[DATA TO USE]
++++++

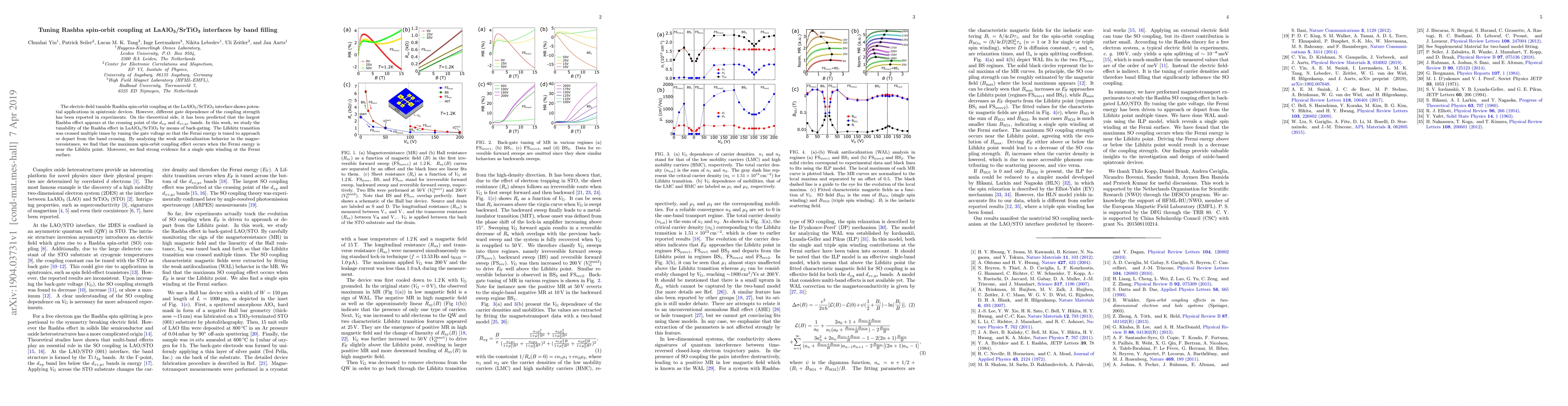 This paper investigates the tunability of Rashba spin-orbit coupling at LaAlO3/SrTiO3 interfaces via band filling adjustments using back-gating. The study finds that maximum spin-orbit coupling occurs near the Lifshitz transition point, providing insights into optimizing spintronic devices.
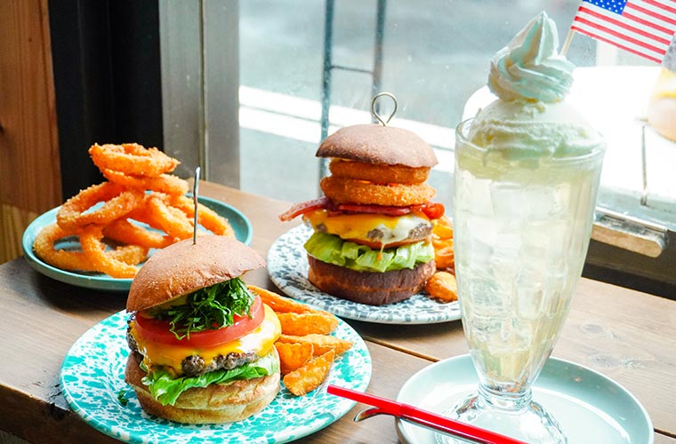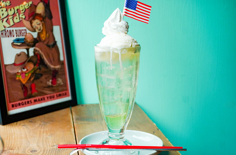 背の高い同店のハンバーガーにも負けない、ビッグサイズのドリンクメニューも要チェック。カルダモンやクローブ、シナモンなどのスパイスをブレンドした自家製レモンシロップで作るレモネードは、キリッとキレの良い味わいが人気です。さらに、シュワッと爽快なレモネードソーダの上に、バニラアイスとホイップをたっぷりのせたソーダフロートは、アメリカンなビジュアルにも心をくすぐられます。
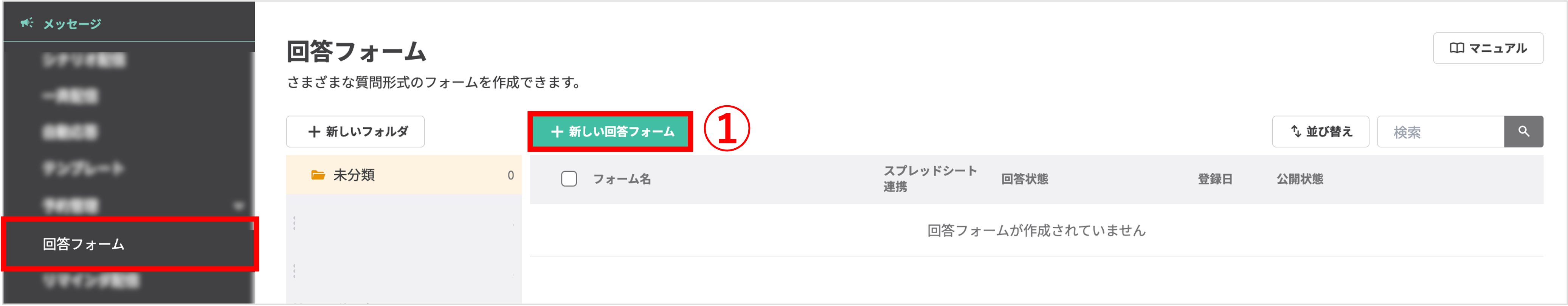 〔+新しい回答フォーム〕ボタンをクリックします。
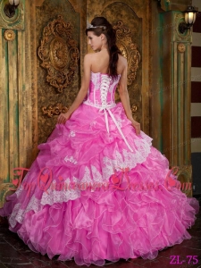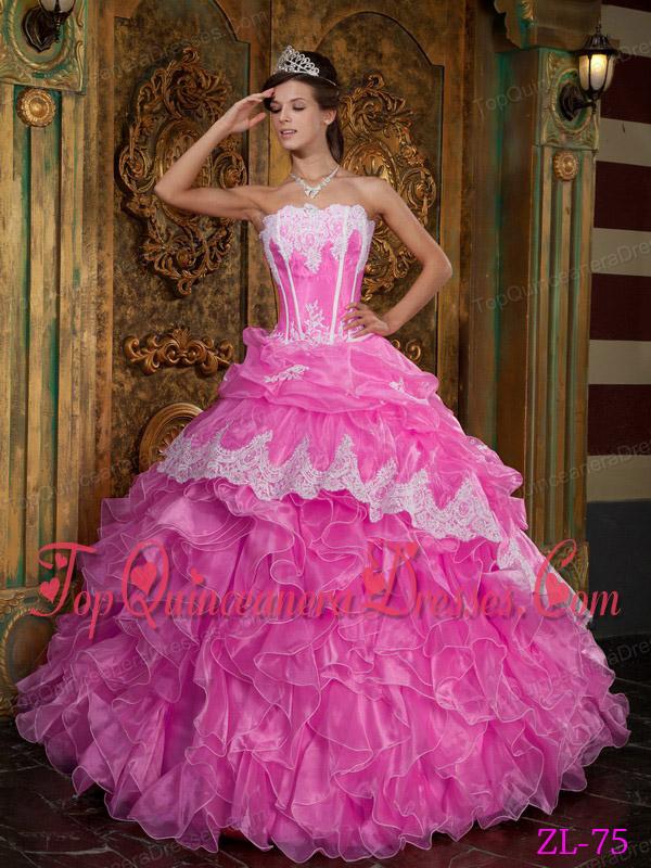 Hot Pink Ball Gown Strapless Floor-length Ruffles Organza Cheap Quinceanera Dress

++++++

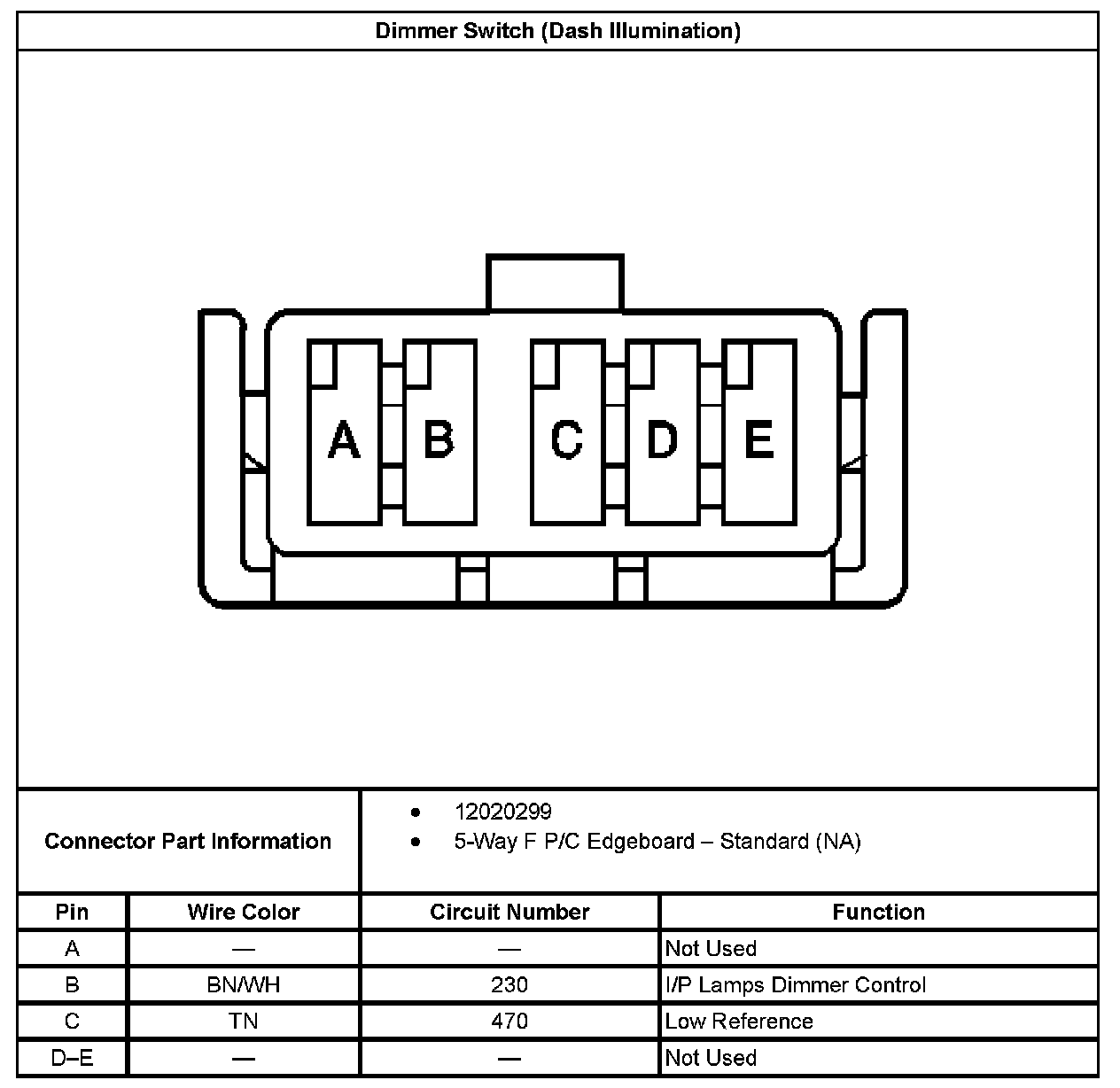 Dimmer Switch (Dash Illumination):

++++++

[TASK REQUIREMENTS]
The answer is the lines of the material above, from the one containing "This paper investigates" down to the one containing "Hot Pink Ball", given exactly and without images.

[WRITTEN ANSWER]
 This paper investigates the tunability of Rashba spin-orbit coupling at LaAlO3/SrTiO3 interfaces via band filling adjustments using back-gating. The study finds that maximum spin-orbit coupling occurs near the Lifshitz transition point, providing insights into optimizing spintronic devices.
 背の高い同店のハンバーガーにも負けない、ビッグサイズのドリンクメニューも要チェック。カルダモンやクローブ、シナモンなどのスパイスをブレンドした自家製レモンシロップで作るレモネードは、キリッとキレの良い味わいが人気です。さらに、シュワッと爽快なレモネードソーダの上に、バニラアイスとホイップをたっぷりのせたソーダフロートは、アメリカンなビジュアルにも心をくすぐられます。
 〔+新しい回答フォーム〕ボタンをクリックします。
 Hot Pink Ball Gown Strapless Floor-length Ruffles Organza Cheap Quinceanera Dress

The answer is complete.